**What to do:** Write out the data exactly, please, and omit the pictures.

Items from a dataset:
○ ○ ○ ○ ○
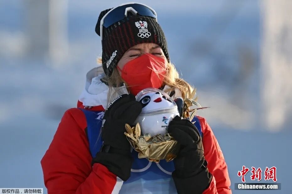 图为收获亚军的奥地利选手将冰墩墩抱入怀中。
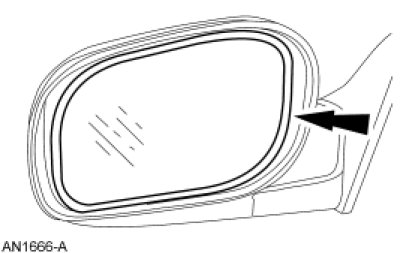 1. Push in the upper edge of the exterior mirror glass to the maximum travel.
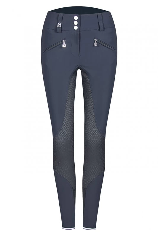Caja G HI Waist has a high waistband, double side seams for best stability, no seam over the knee instead covers the grip fabric the knee, on the back the riding breeches are form fitted with no gap in the back.
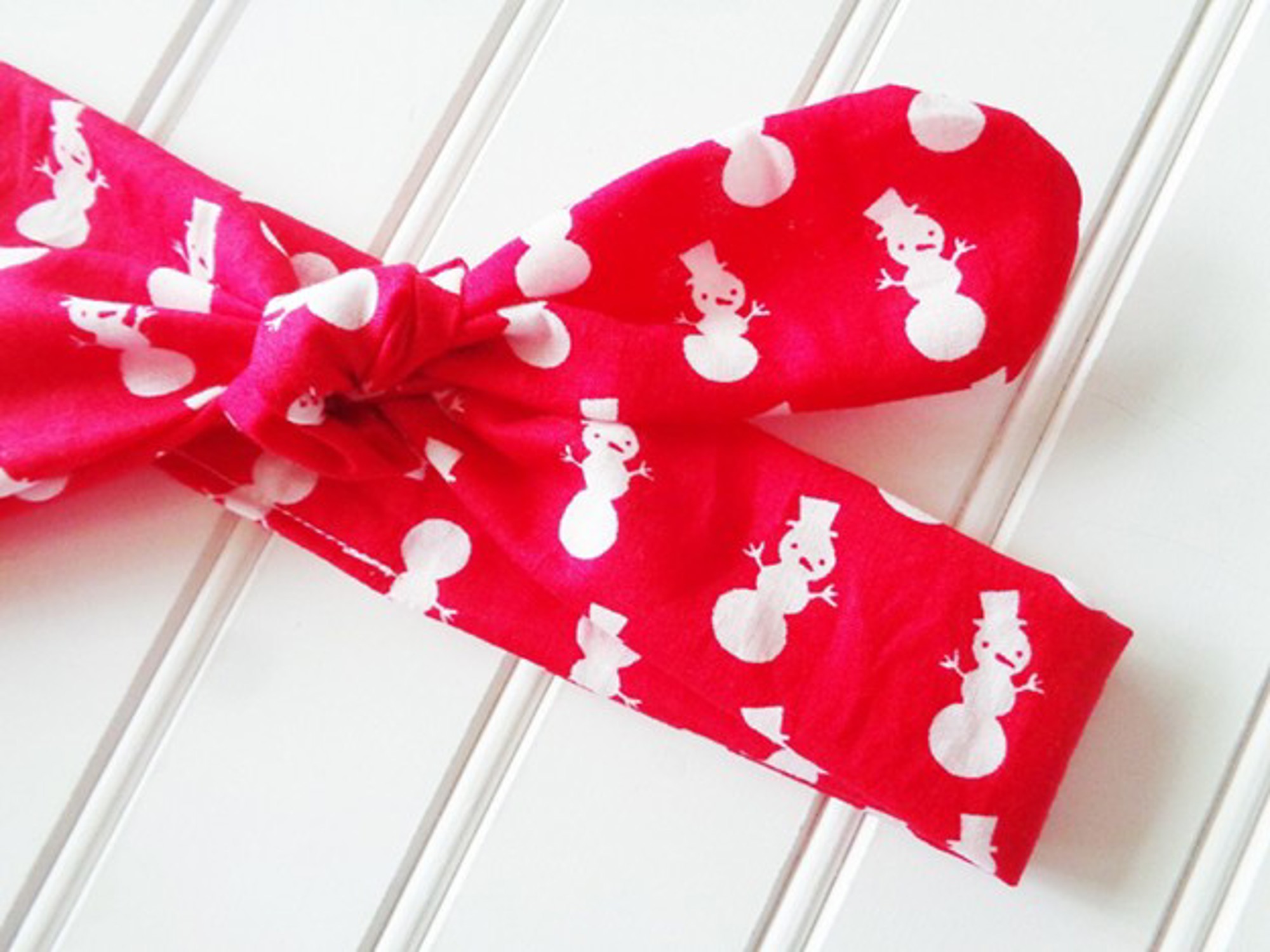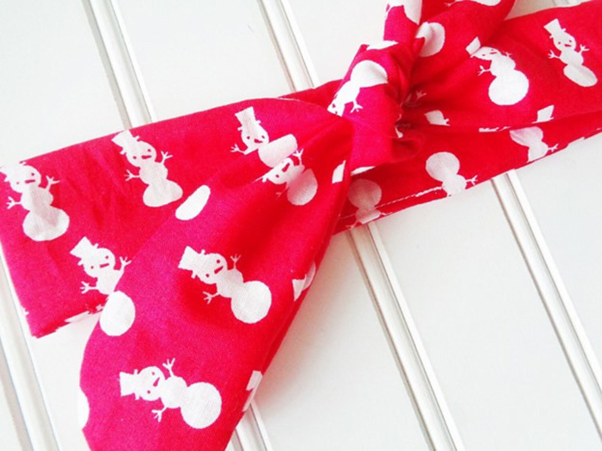 Knotted Headband - Snowman on Red
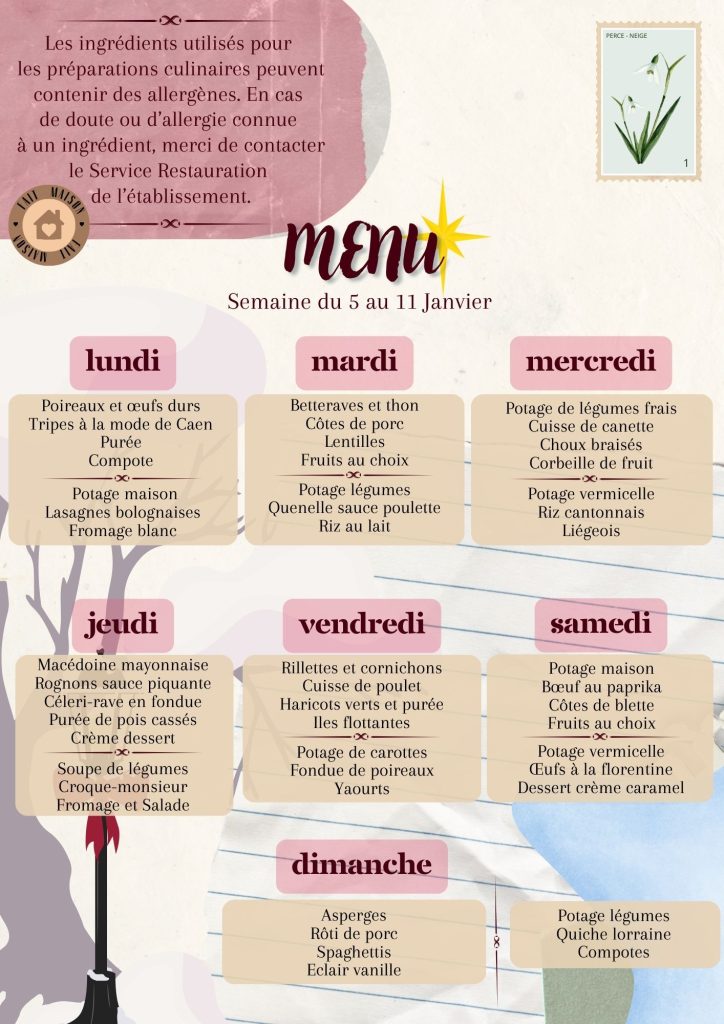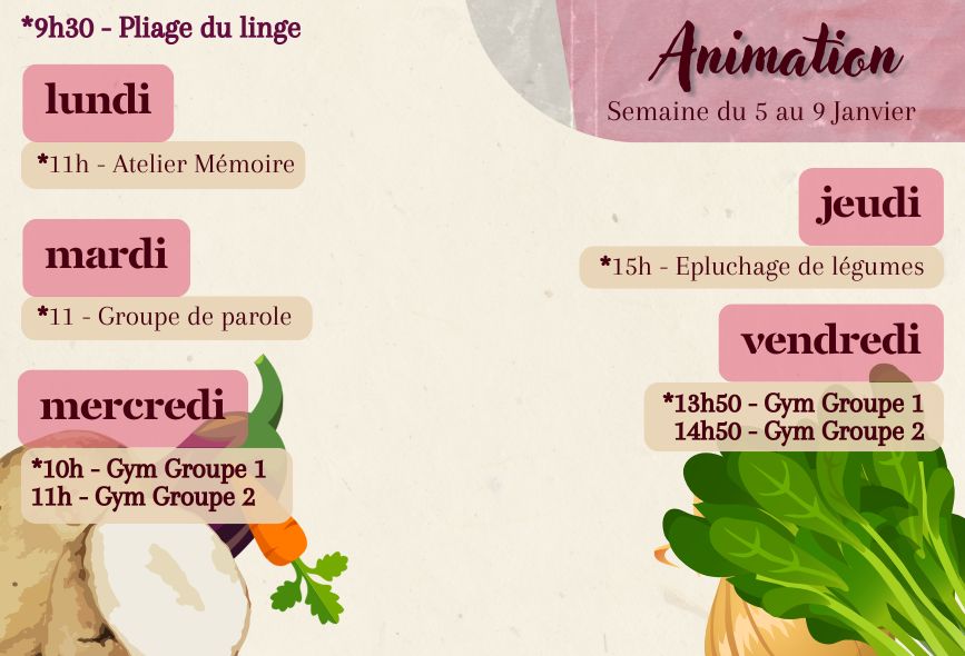 Vous trouverez les repas des résidents de la semaine et le planning des animations.
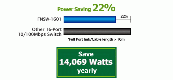 The FNSW-1601 incorporates advanced Green Networking technology:
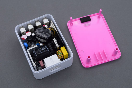 產(chǎn)品側(cè)面的AC輸入孔設(shè)計(jì)得比較有新意,跟其他充電器不一樣的是,隱藏到了外殼里面,這樣一來邊緣縫隙小,并且插拔縱深長(zhǎng),更加穩(wěn)固。
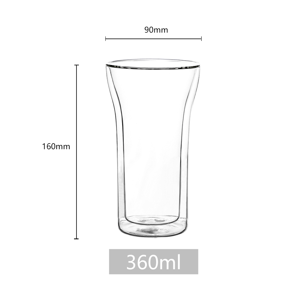 High borosilicate glass is non-toxic, BPA-free, and resistant to chemical corrosion. The double-wall design provides excellent insulation, keeping hot beverages hot and cold beverages cold for longer.Φ90x H160mm,360ml
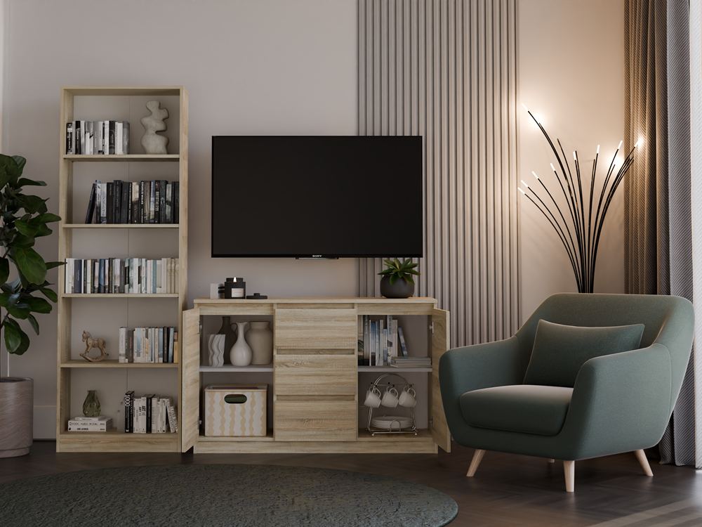Moderne Ladekast 2D3S Sonoma Eiken – 2 Deuren, 3 Laden, 120cm
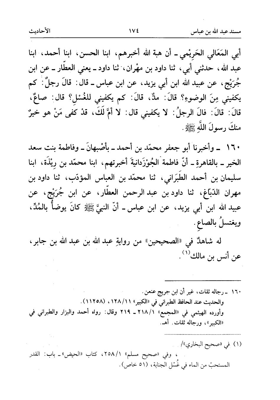 160 - وَأَخْبَرَنَا أَبُو جَعْفَرٍ مُحَمَّدُ بْنُ أَحْمَدَ، بِأَصْبَهَانَ، وَفَاطِمَةُ بِنْتُ سَعْدٍ الْخَيْرِ بِالْقَاهِرَةِ، أَنَّ فَاطِمَةَ الْجُوزْدَانِيَّةَ أَخْبَرَتْهُمْ، أبنا مُحَمَّدُ بْنُ رِيذَةَ، أبنا سُلَيْمَانُ بْنُ أَحْمَدَ الطَّبَرَانِيُّ، ثَنَا مُحَمَّدُ بْنُ الْعَبَّاسِ الْمُؤَدِّبُ، ثَنَا دَاوُدُ بْنُ مِهْرَانَ الدَّبَّاغُ، ثَنَا دَاوُدُ بْنُ عَبْدِ الرَّحْمَنِ الْعَطَّارُ، عَنِ ابْنِ جُرَيْجٍ، عَنْ عُبَيْدِ اللَّهِ بْنِ أَبِي يَزِيدَ، عَنِ ابْن عَبَّاس، أَنَّ النَّبِيَّ صَلَّى اللَّهُ عَلَيْهِ وَسَلَّمَ كَانَ يَتَوَضَّأُ بِالْمُدِّ، وَيَغْتَسِلُ بِالصَّاعِ.
○ ○ ○ ○ ○
**Result for this task:**
 图为收获亚军的奥地利选手将冰墩墩抱入怀中。
 1. Push in the upper edge of the exterior mirror glass to the maximum travel.
Caja G HI Waist has a high waistband, double side seams for best stability, no seam over the knee instead covers the grip fabric the knee, on the back the riding breeches are form fitted with no gap in the back.
 Knotted Headband - Snowman on Red
 Vous trouverez les repas des résidents de la semaine et le planning des animations.
 The FNSW-1601 incorporates advanced Green Networking technology:
 產(chǎn)品側(cè)面的AC輸入孔設(shè)計(jì)得比較有新意,跟其他充電器不一樣的是,隱藏到了外殼里面,這樣一來邊緣縫隙小,并且插拔縱深長(zhǎng),更加穩(wěn)固。
 High borosilicate glass is non-toxic, BPA-free, and resistant to chemical corrosion. The double-wall design provides excellent insulation, keeping hot beverages hot and cold beverages cold for longer.Φ90x H160mm,360ml
Moderne Ladekast 2D3S Sonoma Eiken – 2 Deuren, 3 Laden, 120cm
 160 - وَأَخْبَرَنَا أَبُو جَعْفَرٍ مُحَمَّدُ بْنُ أَحْمَدَ، بِأَصْبَهَانَ، وَفَاطِمَةُ بِنْتُ سَعْدٍ الْخَيْرِ بِالْقَاهِرَةِ، أَنَّ فَاطِمَةَ الْجُوزْدَانِيَّةَ أَخْبَرَتْهُمْ، أبنا مُحَمَّدُ بْنُ رِيذَةَ، أبنا سُلَيْمَانُ بْنُ أَحْمَدَ الطَّبَرَانِيُّ، ثَنَا مُحَمَّدُ بْنُ الْعَبَّاسِ الْمُؤَدِّبُ، ثَنَا دَاوُدُ بْنُ مِهْرَانَ الدَّبَّاغُ، ثَنَا دَاوُدُ بْنُ عَبْدِ الرَّحْمَنِ الْعَطَّارُ، عَنِ ابْنِ جُرَيْجٍ، عَنْ عُبَيْدِ اللَّهِ بْنِ أَبِي يَزِيدَ، عَنِ ابْن عَبَّاس، أَنَّ النَّبِيَّ صَلَّى اللَّهُ عَلَيْهِ وَسَلَّمَ كَانَ يَتَوَضَّأُ بِالْمُدِّ، وَيَغْتَسِلُ بِالصَّاعِ.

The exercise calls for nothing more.